Data Pipelines API

Contents: [ Data Pipeline Types , Configure the Destination to Receive Mixpanel Data , Authentication , Create a Pipeline , Cancel a Pipeline , Check the Status of a Pipeline , Get a List of Scheduled Pipelines ]
[Trial Version , Export to Data Warehouse, Raw Export Pipeline, Required Parameter, Authorization Steps, Additional BigQuery Parameters, Additional Snowflake Parameters, Note , Additional AWS S3 and Glue Parameters, Additional Azure Blob Storage Parameters]

Visit the Dev Docs

A better version of this page exists at https://developer.mixpanel.com/docs/data-warehouse-export-api.

The Data Pipelines API contains a list of endpoints that are supported by Mixpanel that help you create and manage your data pipelines.

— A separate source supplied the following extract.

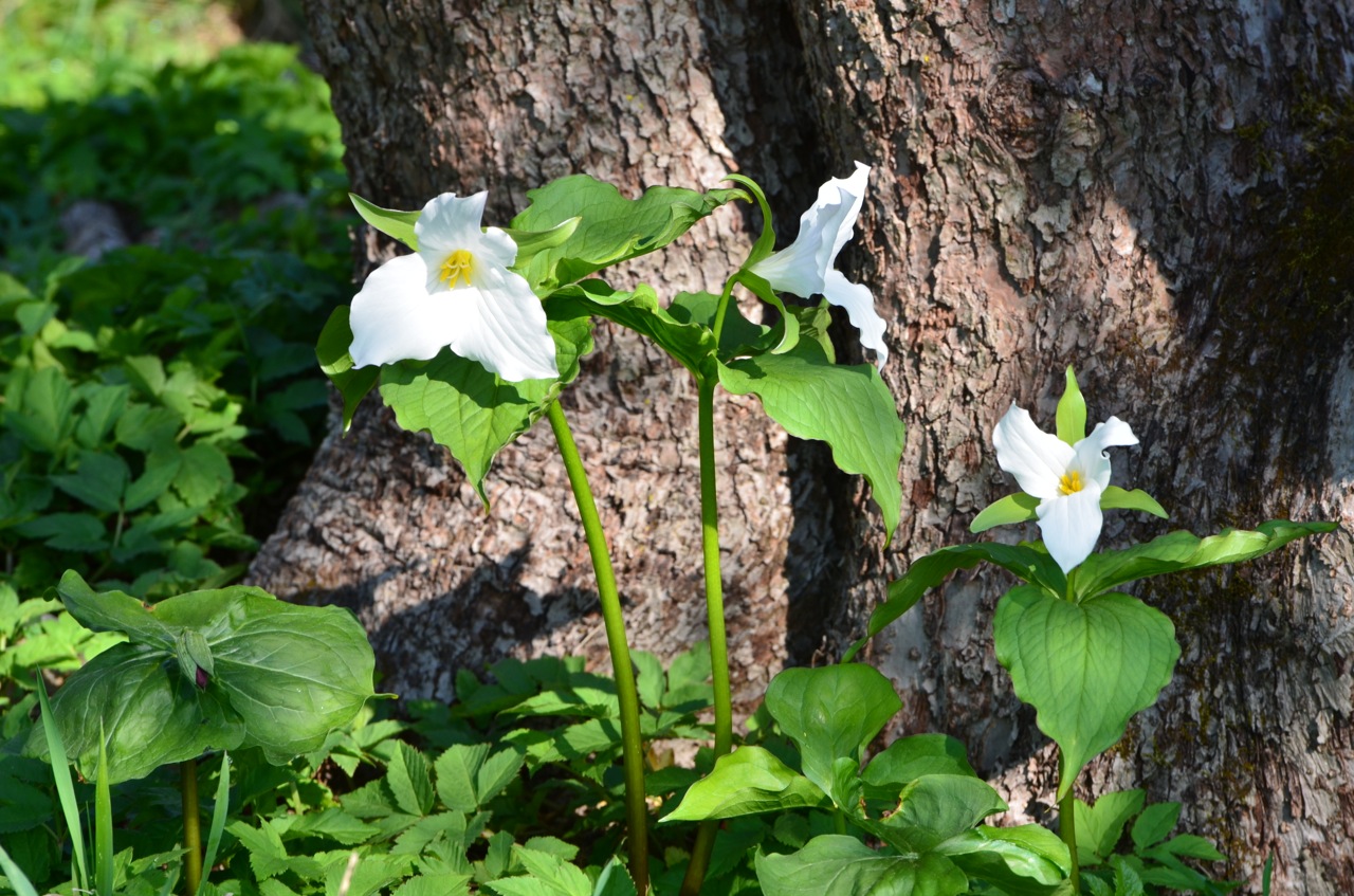 This wildflower post for Gail begins and ends with Trilliums. This grandiflorium lives happily beneath an apple tree.

A pipeline is an end to end unit that is created to export Mixpanel data and move it into a data warehouse.

Trial Version

The Data Warehouse Export API offers a one-time trial. You can call and schedule a trial export by passing trial = true when creating a pipeline. The trial export will automatically stop after 30 calendar days.

Data Pipeline Types

Mixpanel currently supports a data warehouse export pipeline and a raw data pipeline. When you create a pipeline, the type parameter determines whether a data warehouse export pipeline or a raw data pipeline is created.

Export to Data Warehouse

The data warehouse export pipeline is a fully managed pipeline that includes transformations and scheduling. Visit the data warehouse export documentation for more information.

Raw Export Pipeline

The raw export pipeline is a scheduled export that moves your unaltered Mixpanel data to a blob storage destination. Visit the raw export pipeline documentation for more information.

Configure the Destination to Receive Mixpanel Data

Before exporting data from Mixpanel you must configure your data warehouse to accept the data.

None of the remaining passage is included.